WORK REQUIRED ::
Leaving out the pictures, please reproduce exactly and only the lines from the one that contains "Pearl Floral Ready" through the last line below.

DATASET CONTENT ::
────────────────
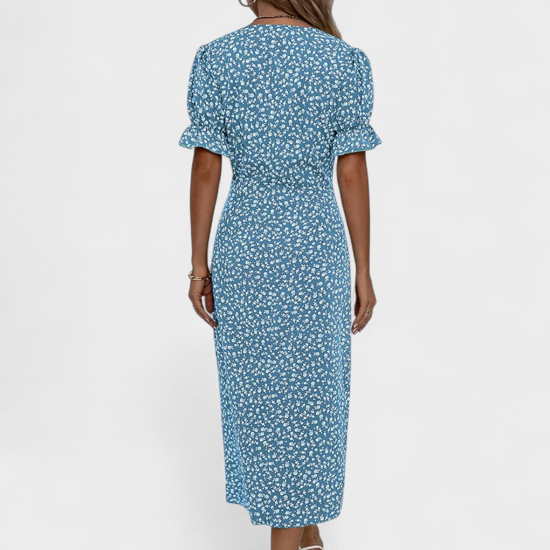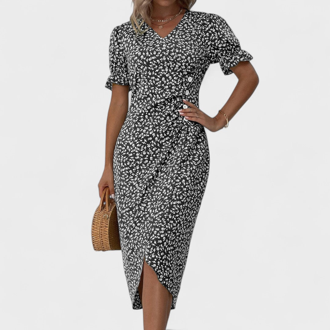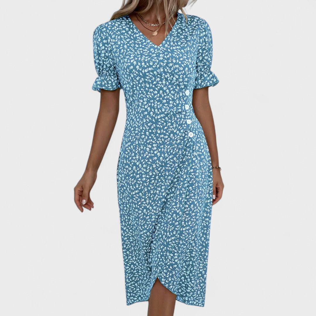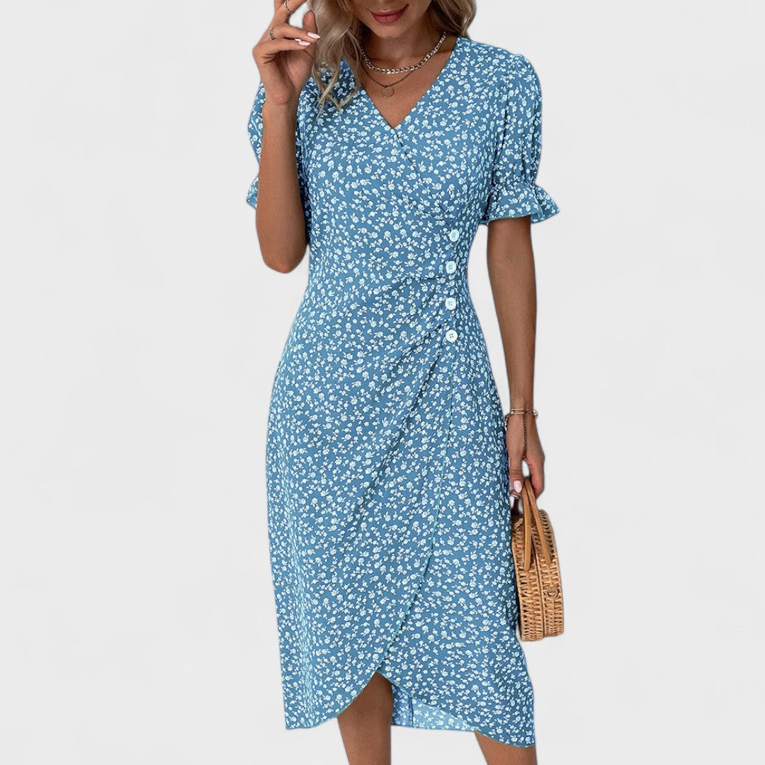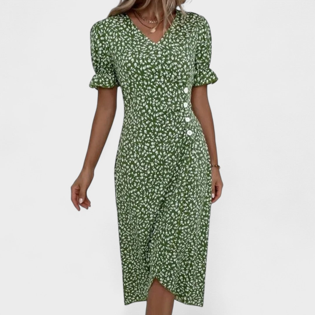 Este encantador vestido verde com padrão floral é a escolha perfeita para quem procura leveza, frescura e um toque de romantismo. Com corte envelope, botões laterais decorativos e mangas com folho, valoriza a silhueta feminina de forma delicada e elegante. Ideal para piqueniques ao pôr-do-sol, passeios de fim-de-semana ou até um brunch entre amigas.
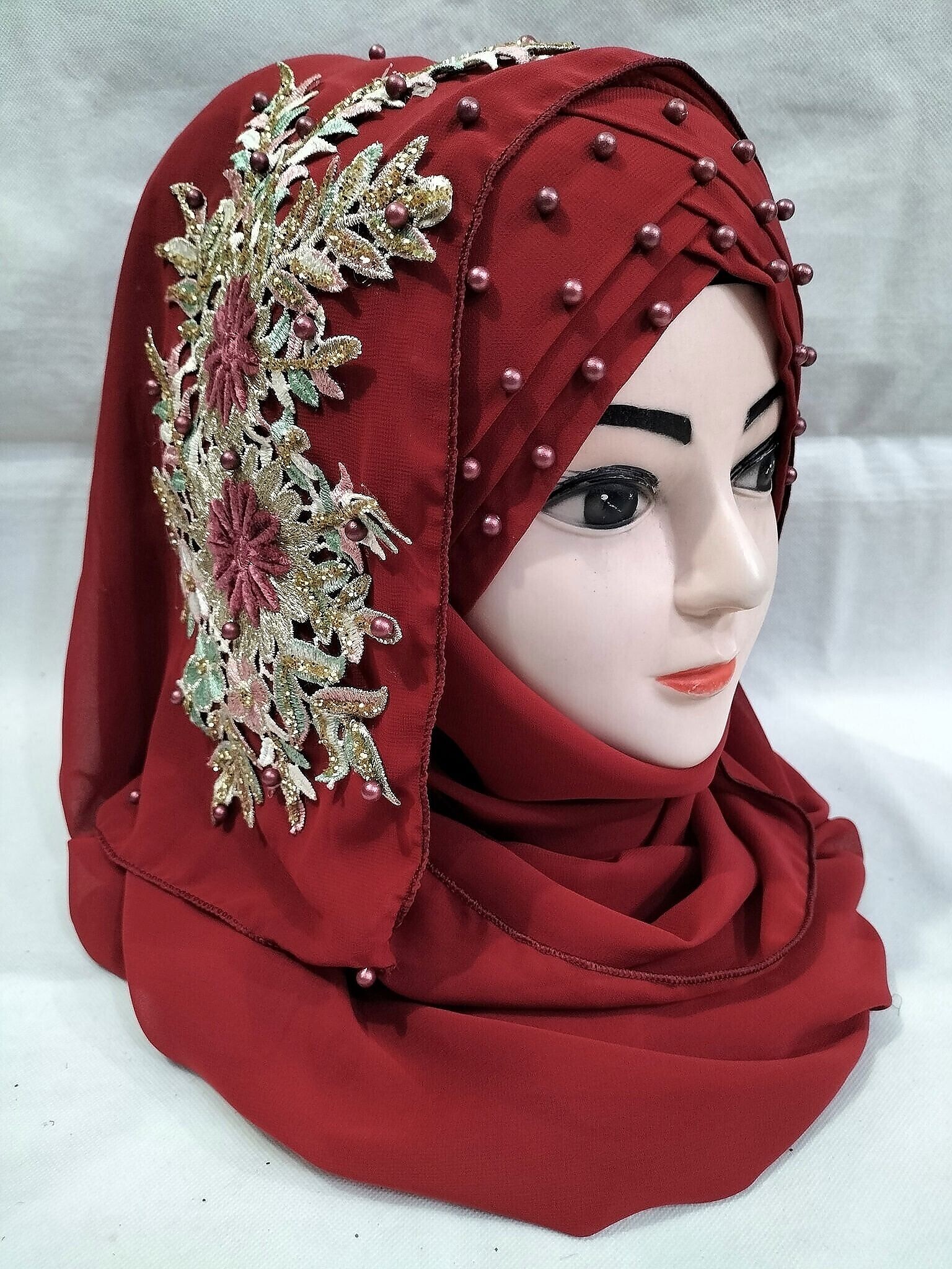 Pearl Floral Ready to Wear with 3D Fancy Flower Bunch – Maroon
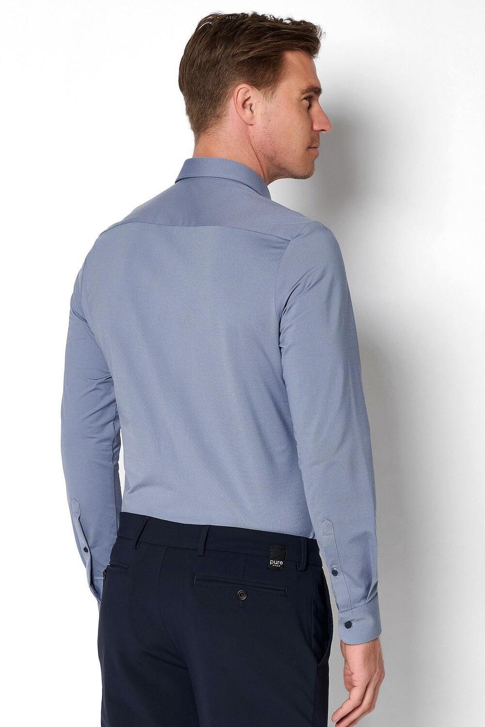 • Pure H. Tico blauwe heren overhemd | Model achteraanzicht
────────────────
TASK RESULT ::
 Pearl Floral Ready to Wear with 3D Fancy Flower Bunch – Maroon
 • Pure H. Tico blauwe heren overhemd | Model achteraanzicht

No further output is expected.